Now that the leaves have disappeared from the trees, leaving
so many crooked spikes to hold up the grey skies, the dreys stand out. I
thought these bunches of leaves crammed in the forks of branches were bird’s
nests, big bird’s nests. In Oaxaca, I watch parrots weave their nests in crooks
of trees, so I assumed some other bird did the same thing here. But they aren’t
bird nests. They are squirrels’ nests. The thought of those little furry bodies
bunched in those leafy nests high up and out on a limb, exposed to earth and
sky, makes me smile.
Robert researched the phenomenon for me, surprised that
after all these years I didn’t know what dreys were. Canada always holds new
surprises for me (that the government sends you reminders to do screening tests
for cancer; that the corn tortillas have wheat in them).

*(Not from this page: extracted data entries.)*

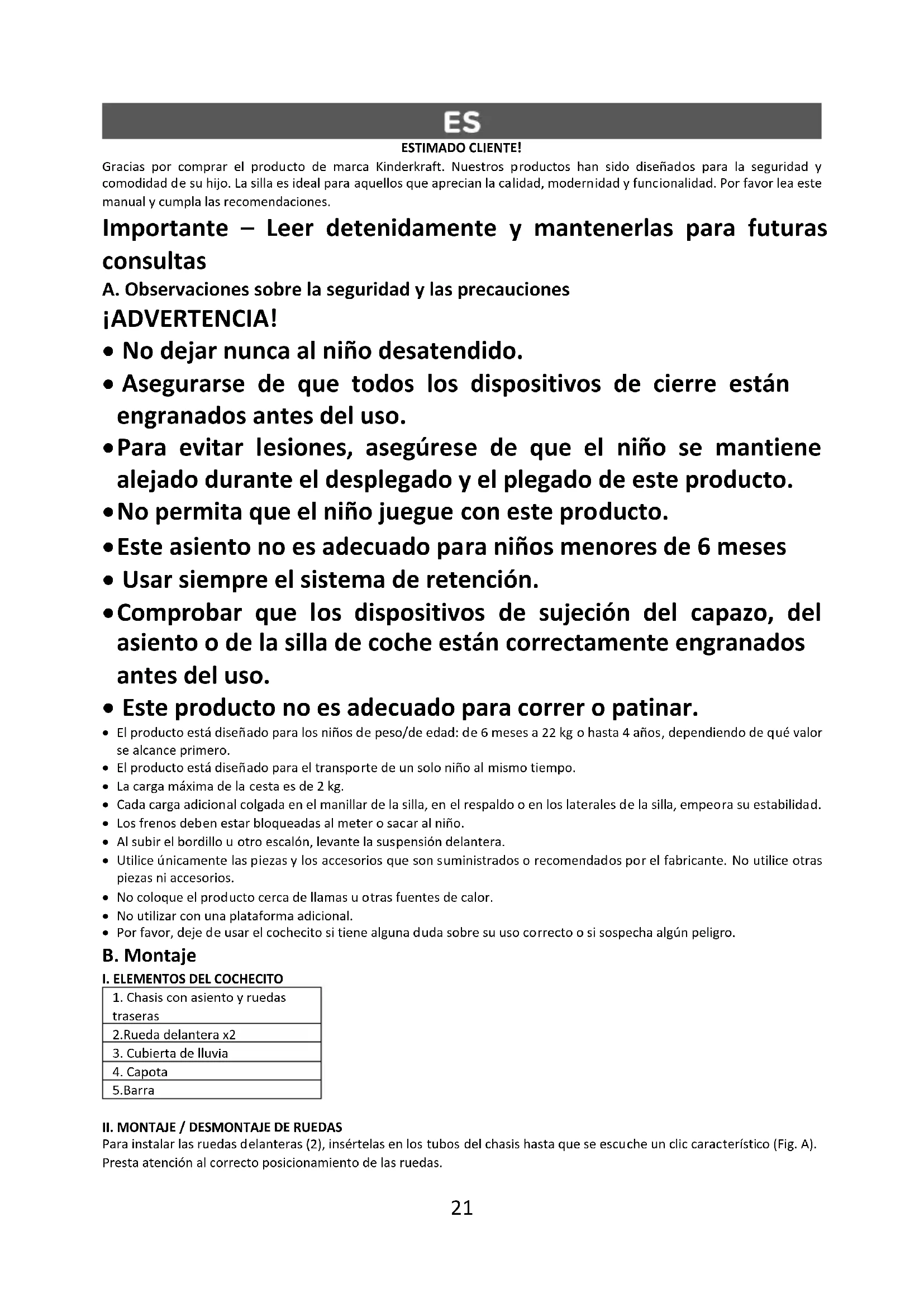- Por favor, deje de usar el cochecito si tiene alguna duda sobre su uso correcto o si sospecha algún peligro. B. Montaje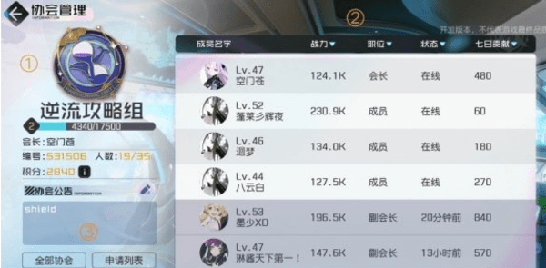 协会的成员列表。在此可以查看各成员的战力、职位、在线状态以及七日贡献。同积分相仿,七日贡献也是按照挑战协会副本的成果来计算的。贡献值最直观地反映出了一位成员参与协会活动的热衷度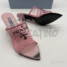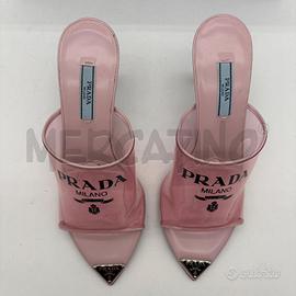 SANDALI DONNA PRADA PLEX LOGO ROSA TACCO PUNTA LOGO OTTIME CONDIZIONI CON SCATOLA ORIGINALE DUSTY BAG E CERTIFICATI TAGLIA 37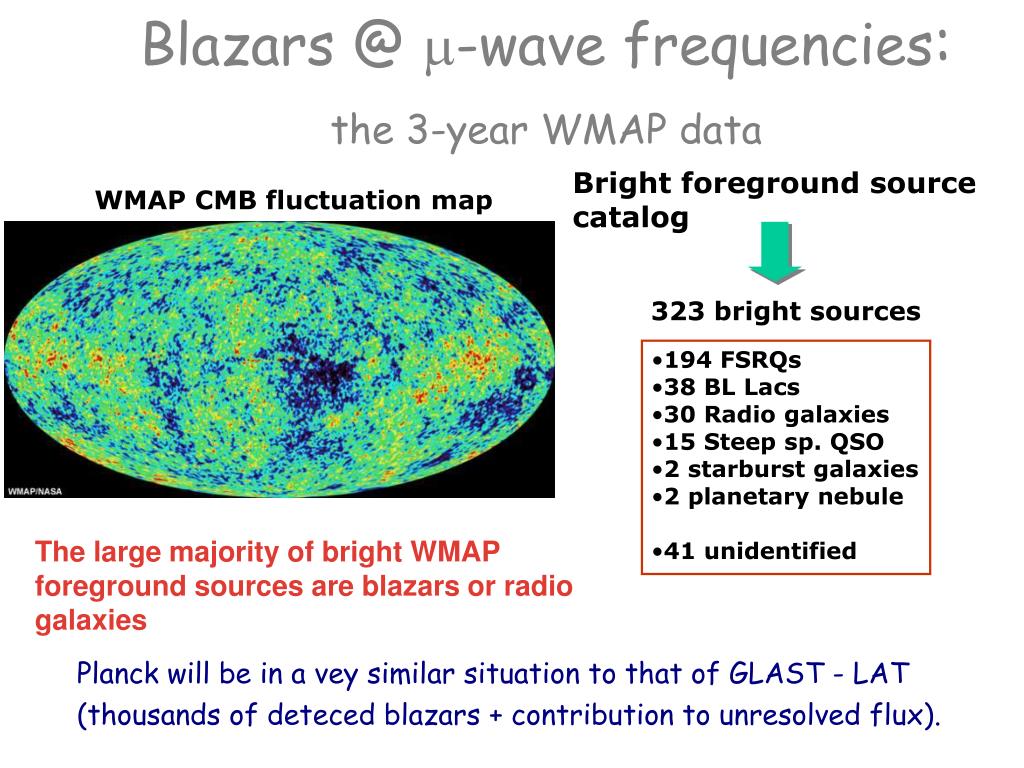 Blazars @ -wave frequencies: the 3-year WMAP data Bright foreground source catalog WMAP CMB fluctuation map 323 bright sources • 194 FSRQs • 38 BL Lacs • 30 Radio galaxies • 15 Steep sp. QSO • 2 starburst galaxies • 2 planetary nebule • 41 unidentified The large majority of bright WMAP foreground sources are blazars or radio galaxies Planck will be in a vey similar situation to that of GLAST - LAT (thousands of deteced blazars + contribution to unresolved flux).

Dreys hold together
because the squirrels start with green twigs, leaves attached, and weave
everything into these to make a tight shell, leaving the top open in the summer
for ventilation. Juvenile squirrels play at house-making, building little
floppy nests that fall apart, their play-houses, tree-houses. Squirrels leave
their nests when they get over-run with bugs—lice or flees. Their nests look so
precarious, out there on a limb, to discourage predators, but I saw a raccoon
hanging by its hands from a telephone wire once, so I know they would try.
Maybe the limb shaking warns the little guys in time, a vibration alarm.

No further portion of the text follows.